Gut microbes relay messages to the brain via various direct and indirect mechanisms - bacterial metabolites, metabolic precursors, immune signalling, vagus nerve signalling, and Hypothalamic Pituitary-Adrenal axis activation [4], [5]. It is through these mechanisms that neurodevelopment or neurodegeneration are influenced [5]. A significant portion of the microbiome influence on the brain comes via the gut-brain axis: a bi-directional pathway connecting the nervous system in your digestive tract to the central nervous system (your brain) [4], [5]. As shown in the graphic below, your gut and your brain communicate directly via nerves that transmit different signals and molecules, which can have a profound effect both ways to both systems [6].

Photo credit: https://fhs.mcmaster.ca/forsythe-lab/microbiota_gut_brain_axis.html 

Considering the gut-brain axis and the physical manifestations that different microbiome composition can produce, it should be no surprise that there are mental/emotional implications as well. Many psychiatric and neurological pathologies have gastrointestinal co-morbidities, including schizophrenia, autism, neurodegenerative diseases, anxiety, and depression [7]. As noted above, different pathologies have different microbiome composition. This extends to mood and neurodegenerative disorders, such as major depressive disorder, schizophrenia, Parkinson’s disease, and autism spectrum disorder [2], [5], [8]. There is also data suggesting that alterations in the microbiome from addictions (e.g. alcohol, cocaine) may be associated with substance cravings and increased risk of developing associated psychiatric disorders, such as anxiety and depression [9], [10]

Probiotics & Your Mood 

Probiotics are supplements that contain healthy microbes that ,when ingested, influence the health of your microbiome. Probiotics used to benefit mood and cognition have been coined “psychobiotics,” and are a burgeoning new area of interest in research. A study by Tillisch et al. used brain scans (functional magnetic resonance imaging) to demonstrate the ability of probiotics to alter brain activity in areas associated with processing emotion and sensation, and to reduce negative thinking associated with sad mood [4], [7], [11], [12]. While most studies indicate that further research in this area is needed, associations between specific strains of microbial species and their benefits on various conditions are rapidly emerging [7], [13][14]. A recent human clinical trial of adjunctive probiotic intervention for Major Depressive Disorder (MDD) showed that compared with placebo, probiotic intervention exhibited greater improvement in depressive symptoms [15]. Participants who received the probiotic intervention experienced reductions in both depression and anxiety, and the probiotics were well-tolerated, prompting the authors to suggest probiotics as an acceptable adjunctive intervention for adults with MDD [15]. 

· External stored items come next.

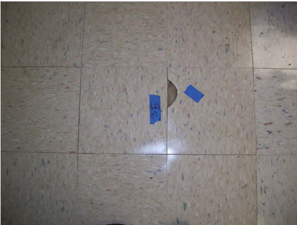
Figure D-10: Building 512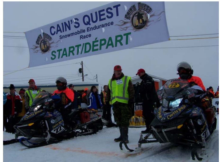
Cain's Quest Snowmobile race, Labrador City

The Labrador Affairs Office will report upon the objective and indicators in each of the next three years ending March 31, 2012, 2013 and 2014.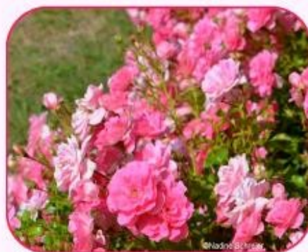
N° 07 Pink Wave de Pépinières de la Saulaie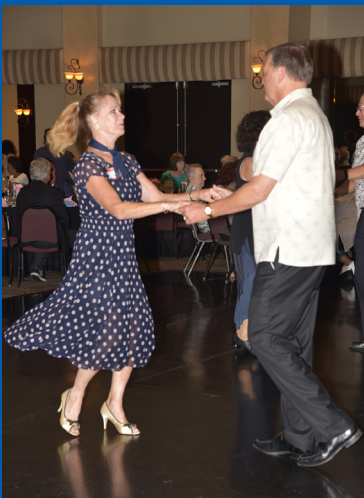
50s sock hop at The Grand! Turn the page for photos of the event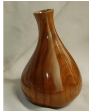
Bill Mantelli - Walnut Vase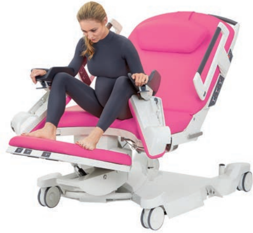
Half sitting using leg holders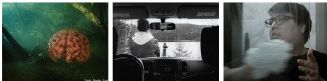
▲ From the left: Rumours , Days Before the Death of Nicky , Paul

The lineup includes a diverse selection of Canadian films, ranging from the latest works by renowned directors such as Guy Maddin and Denis Côté to those by emerging talents.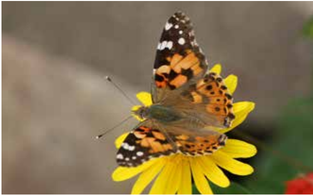
Painted Lady – inner wing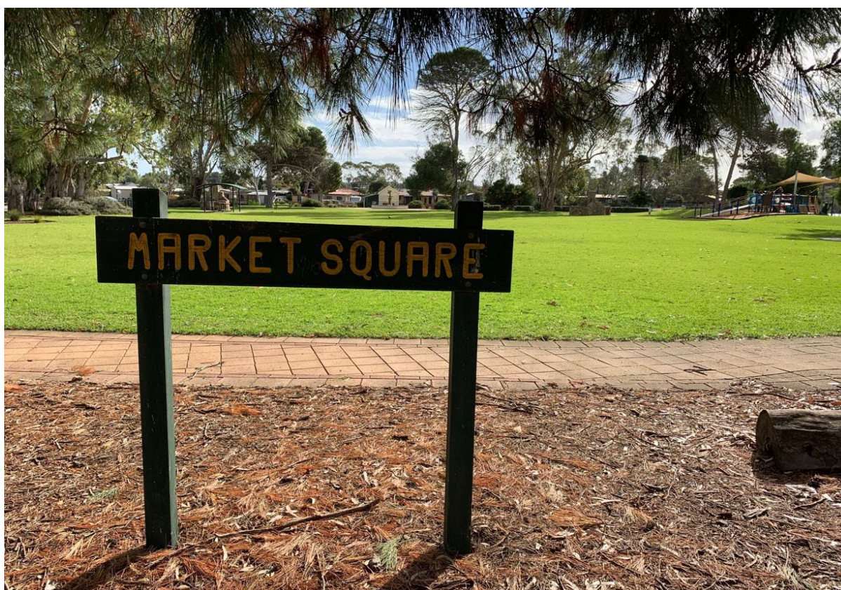
'Market Reserve', Lot 97 Patapinda Road, Old Noarlunga (GGA, 2021)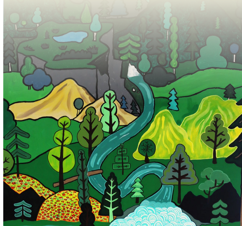
The new mural in the Holy Family Specialized Learning library.

Upgrades to the school building are only a small part of what makes Specialized Learning a comfortable space for students. The school leadership and hardworking staff provide the important support and instruction to help students reach their goals.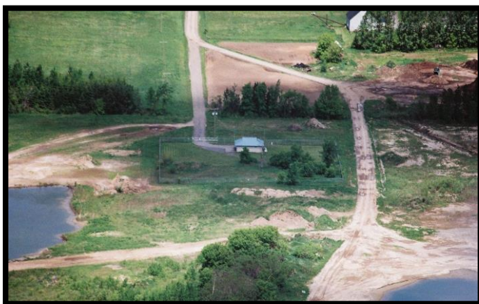
The Chrysler Water Treatment Plant

The village of Chrysler is located approximately 60 km southeast of Ottawa in the North Stormont Township. The Chrysler drinking water system is owned by the Township of North Stormont and operated by the Ontario Clean Water Agency (OCWA). The well field contains 2 wells and serves a population of approximately 600 residents.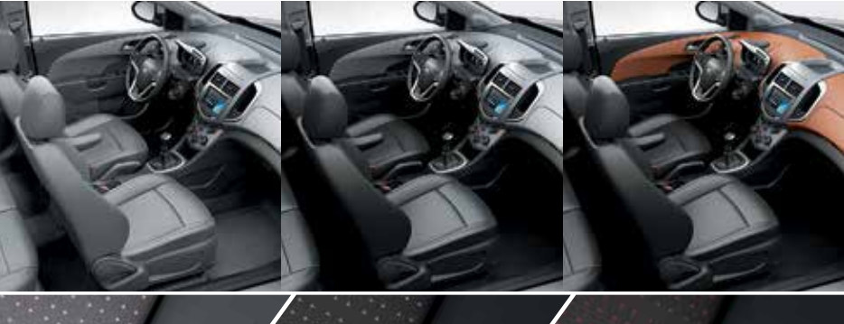
Dark Pewter-Colour/Dark Titanium-Colour Perforated Leatherette Seating Surfaces 3 Jet Black/Dark Titanium-Colour Perforated Leatherette Seating Surfaces 3 Jet Black/Brick Perforated Leatherette Seating Surfaces 3

How Can I Support My Microbiome? 

Lifestyle 

A healthy lifestyle goes a long way in supporting your microbiome, and healthy eating is just one part of it. As mentioned earlier, dietary changes, significant systemic stress, and inflammation can alter your microbiome within just 24 hours. There are many different types of stress - physical, mental and emotional - that can lead to physiologic changes that can alter the microbiome. Practicing stress management through self-care, meditation, social connection, thoughtful schedule planning, getting adequate sleep, and setting appropriate boundaries with people and responsibilities will help you be more resilient in dealing with stress. The better you are at managing stress, the less likely it will spill over into added physical or mood-related symptoms.  

Digestive Supports 

Probiotics are a great start to improving your gut health and mood, though quality and potency matter!  Our naturopathic doctors are here to assess if and which type of probiotics are most suitable for you, as well as to review if any further testing or treatments are indicated to optimize your digestive and mental health.  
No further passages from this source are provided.